What Did the First Diesel Engine Run On?

The very first diesel engine prototype ran on powdered coal. Rudolf Diesel’s earliest working model used fine coal dust as fuel, though it quickly proved impractical. He soon switched to liquid fuels, and by the famous 1900 World’s Fair in Paris, a diesel engine was running smoothly on peanut oil. That detail is the one most people remember, but the full story involves several different fuels across nearly a decade of development.

The First Prototype Burned Coal Dust

Rudolf Diesel spent years in the 1890s developing his compression ignition engine. His core idea was radical for the time: instead of using a spark or external flame, he would compress air inside a cylinder until it became hot enough to ignite fuel on its own. This required extremely high compression ratios, far beyond what steam engines used.

His first working model used powdered coal as fuel. Coal was cheap and abundant in late 19th-century Europe, making it an obvious choice. But coal dust created serious problems inside the engine, from abrasive wear on components to inconsistent combustion. Diesel quickly moved on to liquid fuels, including alcohol and various oils, which burned far more cleanly and reliably inside the cylinder.

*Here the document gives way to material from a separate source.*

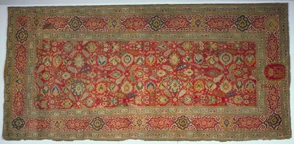 English 'turkeywork', at one end a red cartouche with an earl's coronet and a monogram incorporating the initials MECILK. 518 AE

By 1897, he had built a four-stroke engine with a single vertical cylinder that delivered 25 horsepower. In February of that year, testing showed a thermal efficiency of 26.2%, which was 16.2 percentage points higher than the steam engines dominant at the time. That efficiency gap was enormous and proved that compression ignition worked.

Peanut Oil at the 1900 World’s Fair

The moment that cemented the diesel engine’s connection to plant-based fuel came at the 1900 Exposition Universelle in Paris. A small diesel engine, built by the Otto Company, ran on peanut oil (also called arachis oil or ground-nut oil). It operated so smoothly that most fairgoers didn’t even realize anything unusual was happening.

This wasn’t Diesel’s personal project. The French government had requested the demonstration. France wanted to find out whether peanut oil could power engines in its African colonies, where peanuts grew abundantly. The logic was straightforward: if colonies could generate power from a crop they already cultivated, they wouldn’t need to import coal or other fuels. It was an early experiment in energy independence using locally produced resources.

The peanut oil demonstration worked well enough that Diesel himself became enthusiastic about the idea. He saw a future in which farmers and developing regions could produce their own engine fuel from crops growing in their own soil, rather than depending on centralized fuel supplies. That vision would take more than a century to resurface in any meaningful way, through modern biodiesel production.

Why Petroleum Diesel Won Out

Despite the successful peanut oil test, vegetable oils didn’t become the standard fuel for diesel engines. Petroleum-derived diesel fuel was cheaper, more energy-dense, and easier to refine in large quantities. As the oil industry expanded in the early 20th century, a petroleum fraction that worked perfectly in compression ignition engines became widely available. It was eventually named “diesel fuel” after the engine itself.

Vegetable oils also had practical drawbacks. They were thicker than petroleum diesel, especially in cold weather, and could leave deposits inside engines over time. Petroleum diesel flowed more easily, burned more consistently, and was available in enormous quantities from refineries that were already processing crude oil for gasoline and other products. The economics made the choice inevitable.

Today, most diesel fuel consumed in the United States is refined from crude oil. Modern formulations are far cleaner than what was available for most of the 20th century. Since 2006, diesel sold for highway use in the U.S. has been ultra-low sulfur diesel, containing 15 parts per million of sulfur or less.

Diesel’s Original Vision Still Echoes

Rudolf Diesel originally envisioned his engine running on a wide range of fuels, including natural plant oils. That flexibility was part of the design philosophy from the start. His 1892 patent described an engine concept that wasn’t locked to any single fuel source, which was unusual for the era.

That idea eventually contributed to the biodiesel industry. Modern biodiesel is chemically processed vegetable oil or animal fat, modified to flow and burn more like petroleum diesel. It can run in standard diesel engines with little or no modification. In a sense, it’s a refined version of what the French government demonstrated with peanuts in 1900. The first diesel engine ran on coal dust out of convenience, switched to peanut oil as a proof of concept, and ended up married to petroleum for over a century. But the original idea of running on plant oil was there from nearly the beginning.